Details of the embodiments of the present disclosure will be described below.

<<Magnesium Alloy>>

The magnesium alloy according to an embodiment has a composition containing Al, Sr, Ca, and Mn, with the balance being Mg and inevitable impurities, and a structure having an α-Mg phase, and a precipitate dispersed in at least one of a grain boundary of the α-Mg phase and a cell boundary. One of characteristics of the magnesium alloy according to an embodiment is that the magnesium alloy includes specific precipitates each in a specific range. Hereinafter, first, the composition of the magnesium alloy will be described, and then the structure of the magnesium alloy will be described.

<Composition>

The magnesium alloy contains Al, Sr, Ca, and Mn, with the balance being Mg and inevitable impurities.

[Aluminum (Al)]

Al has a function of improving the high-temperature strength by forming a compound phase containing Sr or a compound phase containing Ca to be present as a precipitate in the alloy structure. Examples of the compound phase containing Al and Sr and contributing to the improvement of the high-temperature strength include an Al2Sr phase, an Al4Sr phase, a (Mg, Al)2Sr phase, and a (Mg, Al)4Sr phase (group A compound phase). Examples of the compound phase containing Al and Ca and contributing to the improvement of the high-temperature strength include an Al2Ca phase and a (Mg, Al)2Ca phase (group B compound phase). In order for the group A compound phase and the group B compound phase to be present as precipitates, the Al content may be greater than or equal to 6.5 mass %. When the Al content is greater than or equal to 6.5 mass %, the strength of a magnesium alloy matrix (α-Mg phase) can be improved. Further, when the Al content is greater than or equal to 6.5 mass %, the melting point of the magnesium alloy is lowered to improve the flowability of the molten metal, so that the castability is readily improved. The Al content may further be greater than or equal to 7.1 mass %, and may in particular be greater than or equal to 8.1 mass %.

Meanwhile, too high an Al content readily crystallizes a compound phase that reduces the high-temperature strength. Examples of the compound phase that reduces the high-temperature strength include the Mg17Al12 phase.
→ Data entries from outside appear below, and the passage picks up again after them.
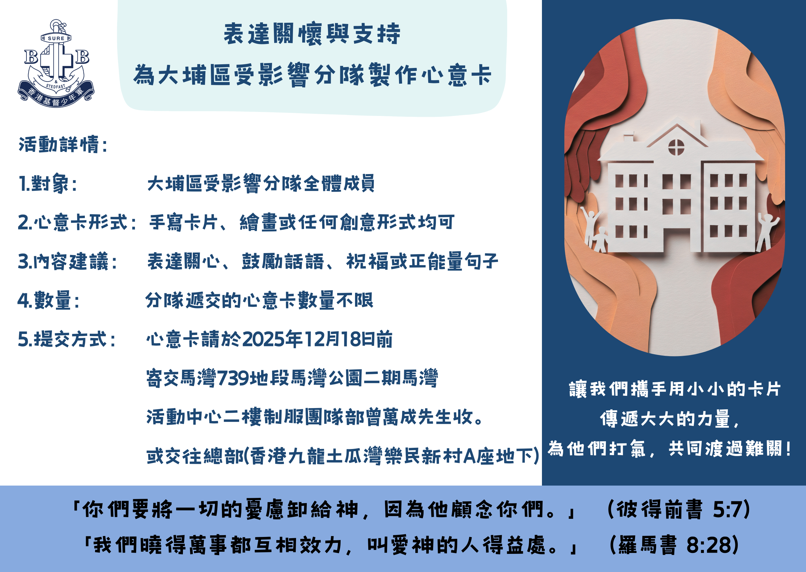 的卡片,為他們送上溫暖的祝福與鼓勵。亦邀請各分隊繼續為此事件懇切祈禱!🙏🏼
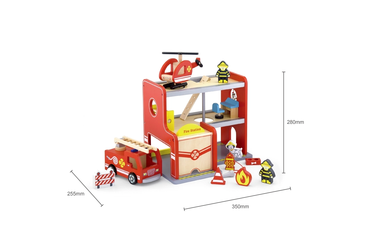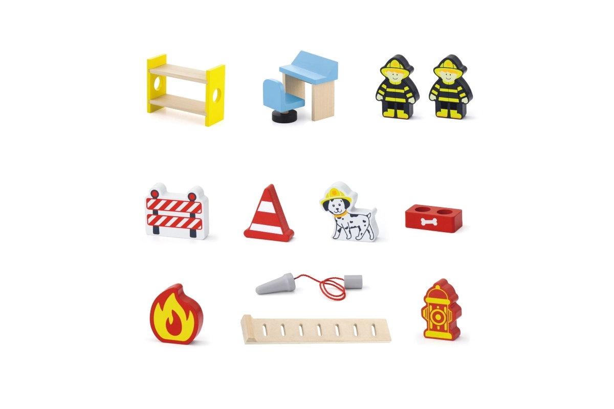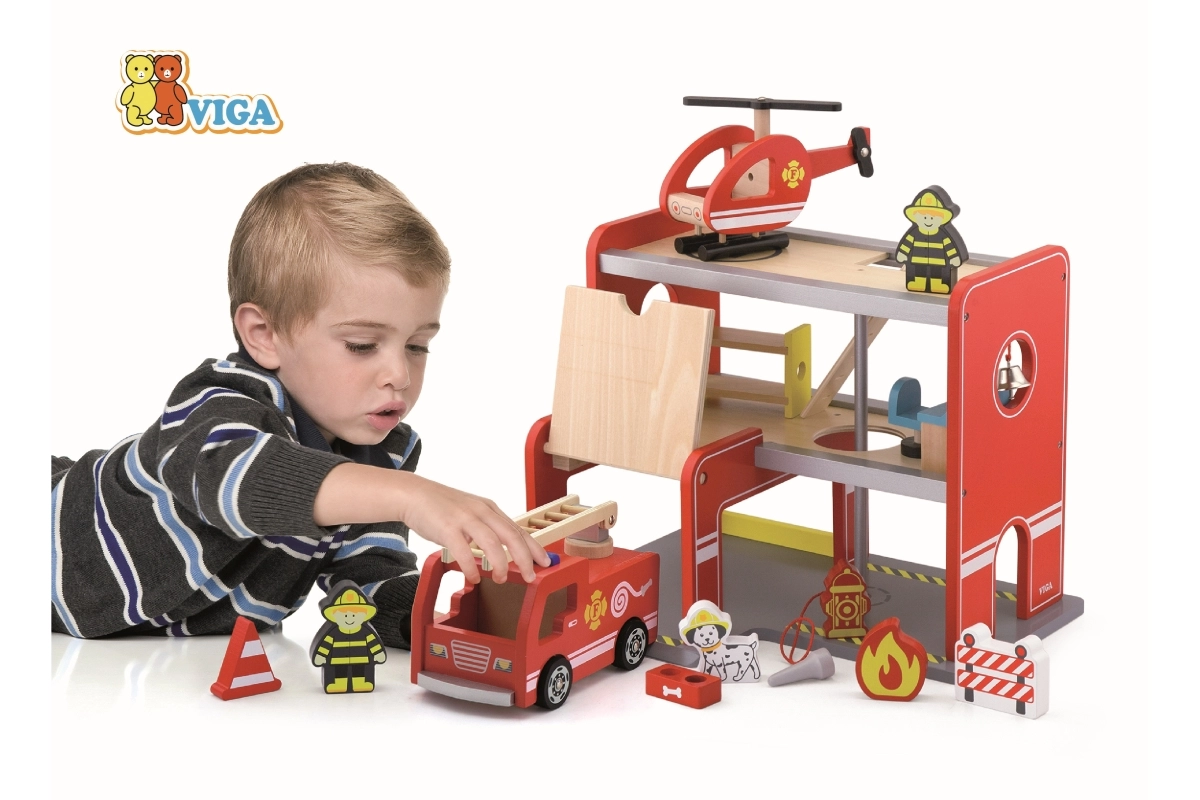 Дървената пожарна станция Viga е комплект за игра с няколко нива, който подпомага ролева игра, развитието на фината моторика и въображението. Децата могат да излизат от гаража с колата, да кацат с хеликоптера на горната площадка и да се спускат по тръбата директно към инцидента. Цветните детайли и качествената дървена конструкция осигуряват атрактивен вид и издръжливост при ежедневна употреба.
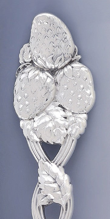 Presented is a fabulous Tiffany & Co sterling silver berry or casserole serving spoon. This piece is done in the charming Strawberry pattern. As the name suggests, this pattern has a strawberry motif, with a cluster of the berries and leaves adorning the handle. The spoon has a kidney shaped bowl with a gold wash.
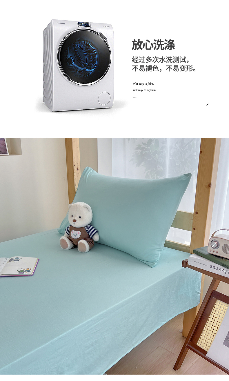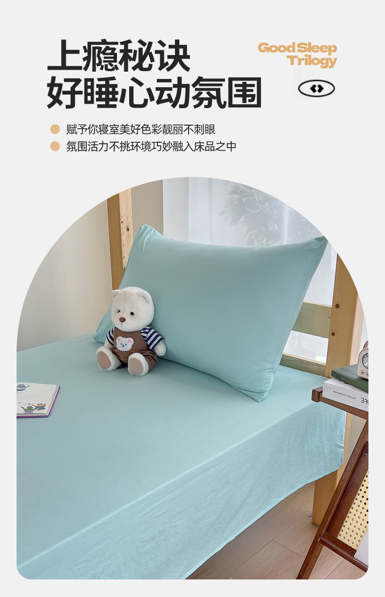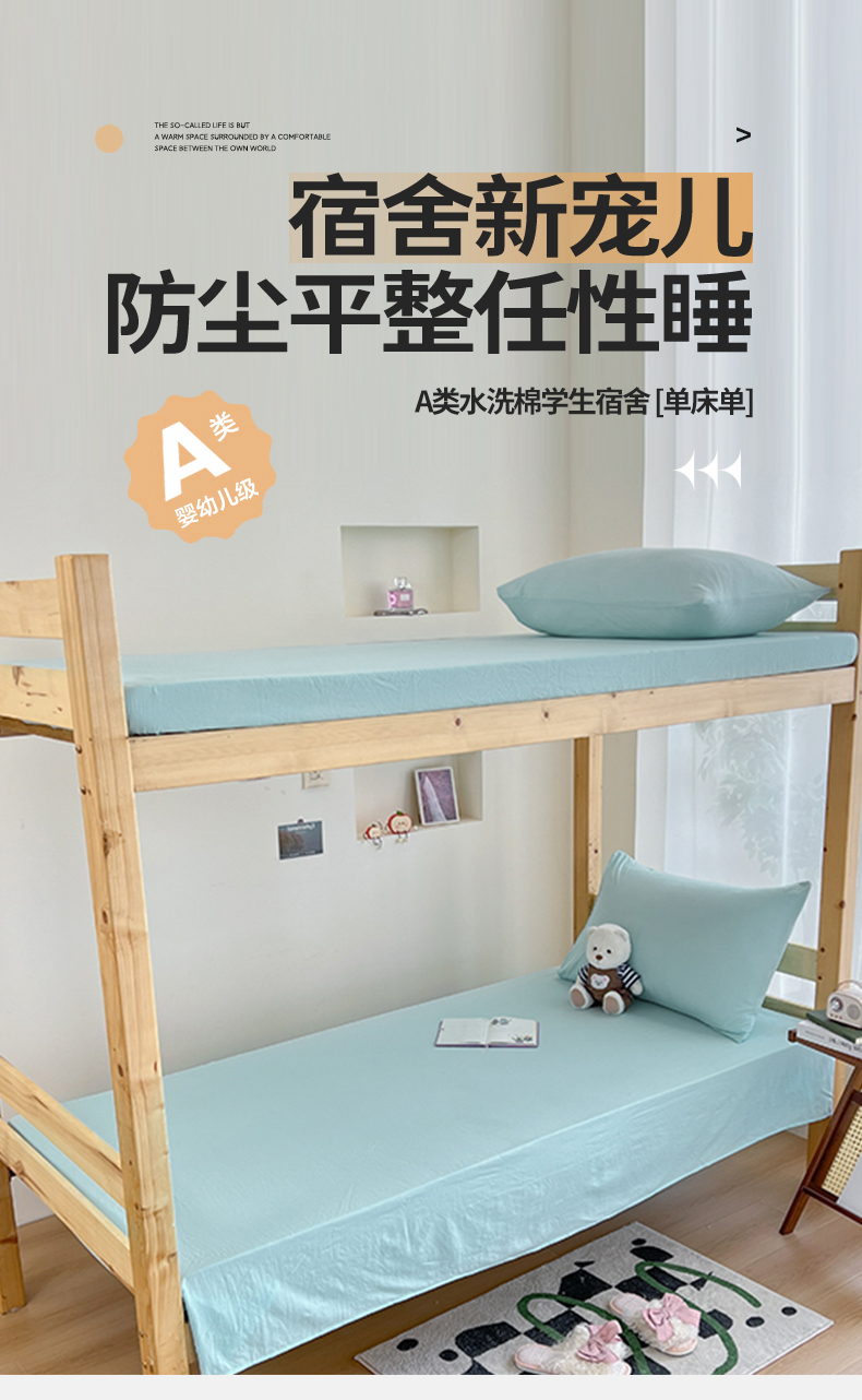 • 91家纺网 家纺一手货源 找家纺 多品 2024新款水洗棉皱皱纱学生宿舍单床单 天空蓝

Therefore, the Al content may be less than or equal to 13.1 mass %. The Al content may further be less than or equal to 12.6 mass %, and may in particular be less than or equal to 10.1 mass %.

[Strontium (Sr)]

Sr has a function of improving the high-temperature strength by forming a group A compound phase such as an Al2Sr phase, an Al4Sr phase, a (Mg, Al)2Sr phase, and/or a (Mg, Al)4Sr phase to be present as a precipitate in the alloy structure. Sr also has a function of suppressing the formation of a compound phase that reduces the high-temperature strength, such as the Mg17Al12 phase, by forming the group A compound phase to be present as a precipitate. In order for the group A compound phase to be present as a precipitate, the Sr content may be greater than or equal to 1.6 mass %. The higher the Sr content is, the more sufficiently the group A compound phase is formed to be more abundantly present as a precipitate in a grain boundary and/or a cell boundary, and the grain boundary sliding and the like can be readily suppressed. The Sr content may further be greater than or equal to 2.6 mass %, and may in particular be greater than or equal to 2.8 mass %.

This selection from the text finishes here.